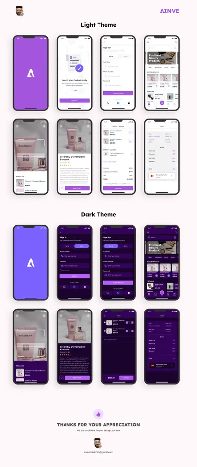 紫色女性美妆美容产品在线商城移动界面设计UI素材 Ainve Beauty Product App Design
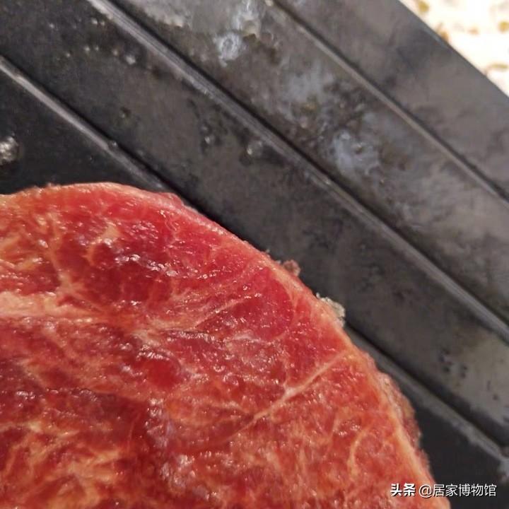 这种薄一点的牛排就会更快,拿一片放在上面:
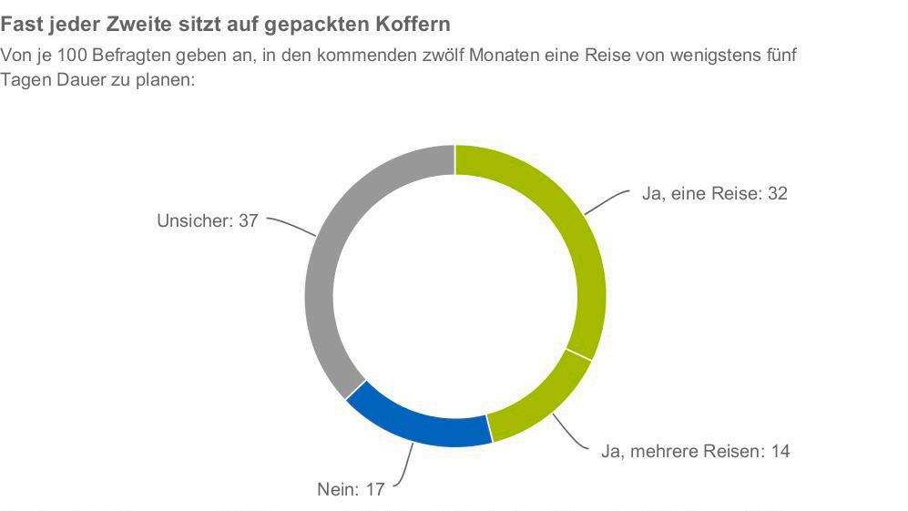 Dagegen weiß nur etwa jeder Sechste bereits, dass er in den kommenden zwölf Monaten nicht verreisen wird. 37% sind gegenwärtig noch unsicher, ob sie überhaupt verreisen oder unentschlossen, wo sie dieses Jahr ihren Urlaub verbringen werden.
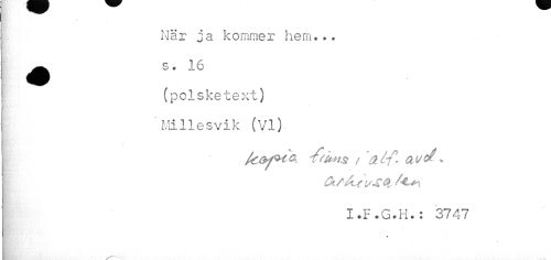 //// När ja kommer hem» *. ^^ s. 16 //// (polsketext) Millesvik (VI) //// if/u*ts / a tf. av o? * //// OtA4 /^n //// I.F.G.H.: 3747 % ////
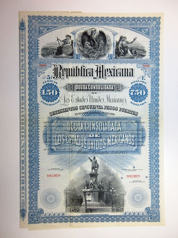 Mexico. $750 Specimen Bond. Series 5A Letra E, Black text and vignette with blue ornate border and under print with all coupons attached. Mexican arms of eagle with snake on cactus flanked by allegorical women on left and right with large monument at bottom of certificate. Specimen overprints, POC's, ABNC, rare and attractive. Only 3 of this denomination was found in 2002 in the ABN archives.

**What is required**. Reproduce exactly the entries from their first line through the line containing "I.F.G.H.: 3747 % ////", including both, and omit any pictures.

**Answer below**.
 紫色女性美妆美容产品在线商城移动界面设计UI素材 Ainve Beauty Product App Design
 这种薄一点的牛排就会更快,拿一片放在上面:
 Dagegen weiß nur etwa jeder Sechste bereits, dass er in den kommenden zwölf Monaten nicht verreisen wird. 37% sind gegenwärtig noch unsicher, ob sie überhaupt verreisen oder unentschlossen, wo sie dieses Jahr ihren Urlaub verbringen werden.
 //// När ja kommer hem» *. ^^ s. 16 //// (polsketext) Millesvik (VI) //// if/u*ts / a tf. av o? * //// OtA4 /^n //// I.F.G.H.: 3747 % ////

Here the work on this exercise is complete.